Post - Matthew, chapter 23, finds Jesus telling the crowds to do what the scribes and Pharisees teach which differs from what they do, which He tells them not to do. Then He lists their errors and pronounces "woes" on them. He concludes this chapter with a lament over Jerusalem for her disobedience and lack of responsiveness.

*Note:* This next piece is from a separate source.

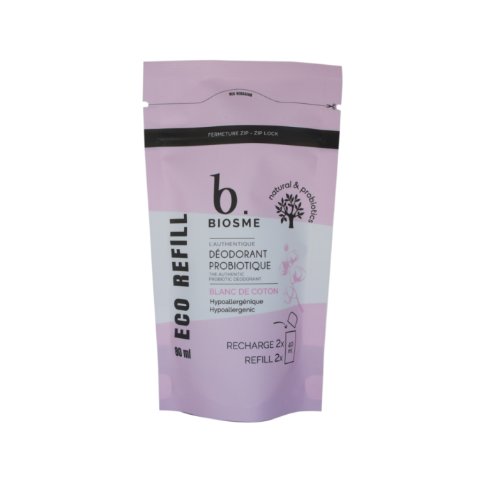 Probioottinen hypoallergeeninen deodorantti. Täyttöpakkaus. Tuoksu: Blanc de cotton - makea manteli Ei sisällä hormonitoimintaa häiritseviä aineita, eteerisiä öljyjä, alkoholia, magnesiumoksidia tai natriumbikarbonaattia. Deodorantti on patentoitu tehokkuutensa ja ainutlaatuisen koostumuksensa vuoksi. Suunniteltu säätelemään hienhajua luonnollisesti ja tehokkaasti. Sopii herkälle iholle. - Koostumus on huolellisesti kehitetty ihoa ja ympäristöä kunnioittavista ainesosista. - Ainesosat tulevat luonnollisista ja orgaanisista lähteistä tinkimättömän tehokkuuden takaamiseksi. - Probiootit: Hyödylliset mikro-organismit auttavat tasapainottamaan ihon bakteerikantaa ja ehkäisevät epämiellyttäviä hajuja. - Vesipohja: Veden käyttö pohjana tekee tuotteesta kevyen ja ärsyttämättömän, ihanteellisen herkälle iholle. 80 ml:n täyttöpakkauksella voit täyttää Biosme Roll-On 50ml:n deodorantin kaksi kertaa (2x40ml).

B. Organization of the Compositional Whole

(JFC) As noted previously in these pages, Albright and Mann, observe in the Anchor Bible commentary, "Matthew has two principal interests: the fulfillment of God's purposes in and through Jesus, and how this fulfillment will find its expression in the community which Jesus founded." Although the most concise outline of this Gospel seems to be in Reginald H. Fuller's article in Harper's Bible Commentary, a more nearly complete summary might be: the first two chapters of Matthew's Gospel tell of Jesus' birth. 3:1-12 relate John the Baptist's activities. 3:13-4:11 give accounts of Jesus' temptation and baptism. 4:12-18:35 tell of His teachings and preaching in Galilee. These chapters include the Sermon on the Mount (5-7), commissioning and instructing the twelve (10), Jesus' authority's source(s) (11-12), parables on the Kingdom (13), life in the new community/the New Israel (14-17) and Jesus' journeying to Jerusalem for His last week on earth (21-28). Through these segments, Matthew's Gospel seems to intend to depict Jesus as the Messiah the Old Testament Jews longed for. It highlights Jesus' fulfilling more prophecies than the other Gospels do. It seems to want to clarify that the New Testament people are the true Israel (16:17-19), actually replacing the former Israel. Several commentaries give "five discourses in chapters 5-7, 10, 13, 18, and 24-25, that Matthew intended his work to serve as a basic book for his community, . . . In fact, Matthew came to serve as the preeminent Gospel for the church as a whole," says Fuller.

C. Issues of Authorship

(JFC) As previously noted, since early in the second century CE, when Papias, a bishop of Hierapolis, referred to Matthew, the tax collector, one of Jesus' disciples (Matt. 9:9 and 10:3), it has been thought he wrote this Gospel. However, Papias says that work contains only sayings of Jesus and that it was written in Hebrew. Matthew, as we have it, tells of actions and events, as well as sayings of Jesus and it was written in Greek, not Hebrew. So, evidently, Papias means another document, one now lost. This Gospel seems to have been written anonymously between 70-85 CE, since it is mentioned by Ignatius of Antioch in 115 CE and relies on Mark's Gospel, which was written about 70 CE. Ignatius also says it was written in Syria. Suzanna de Dietrich (LBC) notes that the community addressed by this Gospel is "experiencing persecution. . . The writer was concerned to fortify the faith of the Christians - to remind them that Jesus had foreseen these struggles and that He had foreseen the apostasy of some, the lukewarmness of others (5:11-12; 10:16-23; 24:9-13)." And, Eduard Schweizer (The Good News According To Matthew) says, "Above all, the method of learned interpretation of the Law, which 'loses' and 'binds,' was still central for Matthew and his community. . . Preservation of sayings such as 23:2-3, which support the continued authority of Pharisaic teaching, and above all the special emphasis placed on the requirement not to offend those who still think in legalistic terms (17:24-27) show that dialogue with the Jewish Synagogue had not yet been broken off. On the other hand, a saying like 27:25 shows that the Christian community had conclusively split with the Synagogue, even though hope for the conversion of Jews was not yet totally dead."